_Task item_.
Write the data out again exactly, with no pictures.

Segment Start: Data

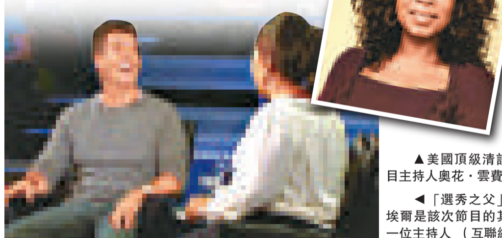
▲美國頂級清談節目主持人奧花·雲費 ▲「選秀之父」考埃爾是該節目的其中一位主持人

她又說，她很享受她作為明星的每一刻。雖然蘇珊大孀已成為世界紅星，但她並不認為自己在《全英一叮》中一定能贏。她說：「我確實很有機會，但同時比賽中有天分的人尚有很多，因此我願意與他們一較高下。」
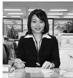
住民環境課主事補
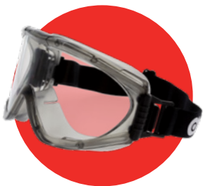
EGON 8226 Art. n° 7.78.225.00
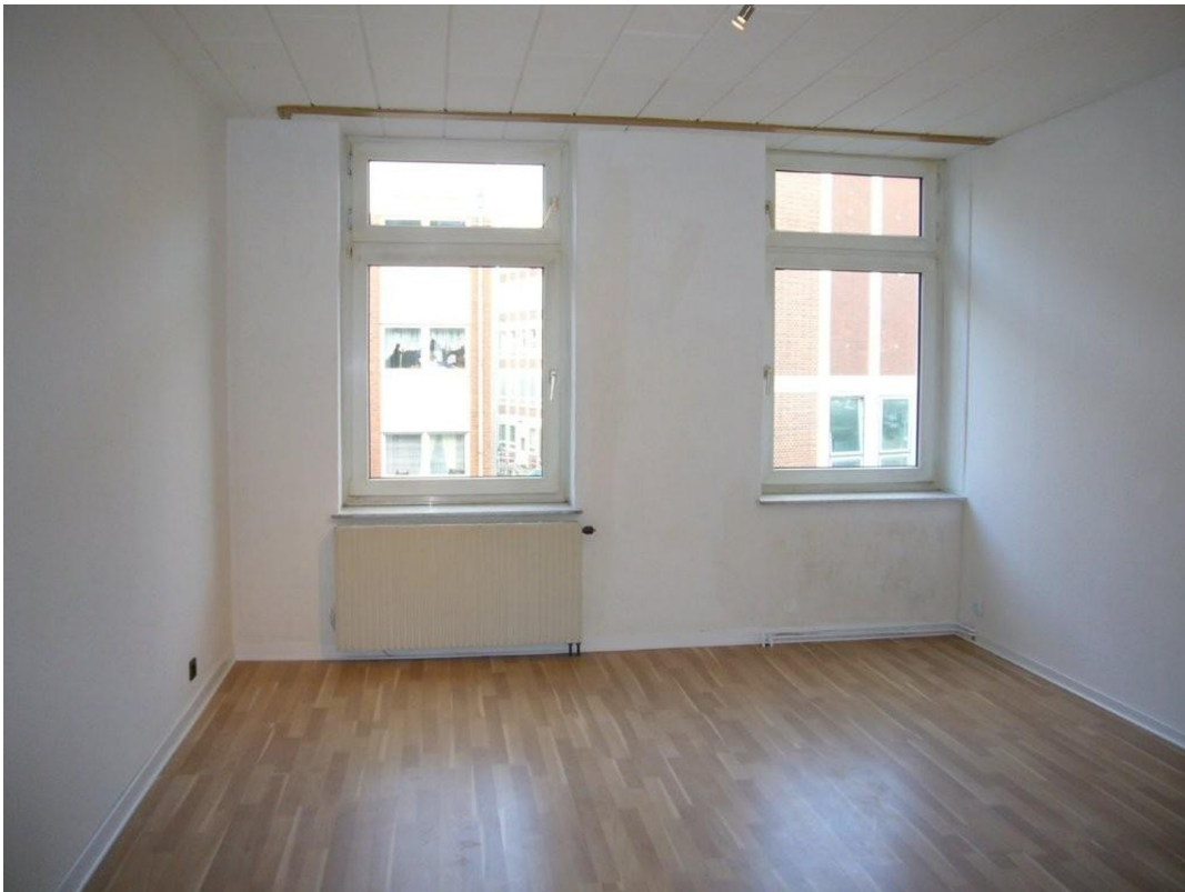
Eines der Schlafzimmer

Segment End: Data

_Written response_.
▲美國頂級清談節目主持人奧花·雲費 ▲「選秀之父」考埃爾是該節目的其中一位主持人

她又說，她很享受她作為明星的每一刻。雖然蘇珊大孀已成為世界紅星，但她並不認為自己在《全英一叮》中一定能贏。她說：「我確實很有機會，但同時比賽中有天分的人尚有很多，因此我願意與他們一較高下。」
住民環境課主事補
EGON 8226 Art. n° 7.78.225.00
Eines der Schlafzimmer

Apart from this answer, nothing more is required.